Pressure mounts on Doha

When the PR releases tell you everything is fine, you always know one thing: everything is not fine.

Qatar is feeling the heat of the Games deadlines

With 31 days to go until the start of the 15th Asian Games the organisers and the city of Doha are under pressure to produce an event that lives up to its billing and hype.

This isn’t new, all major sporting events have felt the same pressure as the days count down, the Athens Olympics was widely derided prior to its launch and it all held together.

But the issues facing the Doha Asian Games Organising Committee (DAGOC) and the work that needs to be done suggests that the midnight oil will need to be burnt if the region ever hopes to hold another event of this magnitude.

Accommodation

The accommodation issue is being hotly debated between press releases at the moment.

The official line is that everyone will be catered for and everything will work smoothly.

Cracks appeared in this line when Japan said that they were bringing air beds to Doha to accommodate their athletes.

The thought that an athlete would be expected to rest and recover before or after an event on an air bed beggars belief, and for those athletes concerned the ‘flame of hospitality’ must be very dim indeed.

Two cruise ships are expected to arrive in Doha in the coming weeks to accommodate athletes as well.
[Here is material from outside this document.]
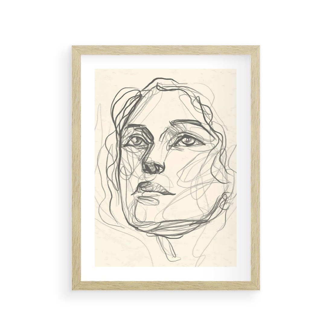 Plakat w ramie 30x40 - Konturem Uchwycone - plakat, minimalistyczny szkic - rama drewno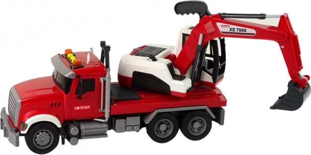 Realistic construction set for kids: dump truck with trailer and an excavator with a 360° rotating cab. Light and sound effects, friction drive, and an adjustable bucket deliver action-packed fun and develop imagination and fine motor skills.

One hopes none suffer from sea sickness.

The fact is the organising committee has under catered in its athlete’s village.

Sources within DAGOC have confirmed to Al Jazeera that teams have been asked to review their numbers in the hope that the pressure will be relieved by athletes not attending.

Such a policy is wishful thinking and an insult to athletes that have dedicated their lives to representing their country.

Tourists

If there is no space for athletes, what happens to travelling fans?

There seems to be little thought of any tourists coming to the event, and Al Jazeera has been told that it was a direct policy of DAGOC not to encourage overseas spectators to attend the Games, such is the pressure on accommodation.

With perhaps only a handful of fans attending from outside the country, the possibility of many events being played in empty arenas looms large indeed.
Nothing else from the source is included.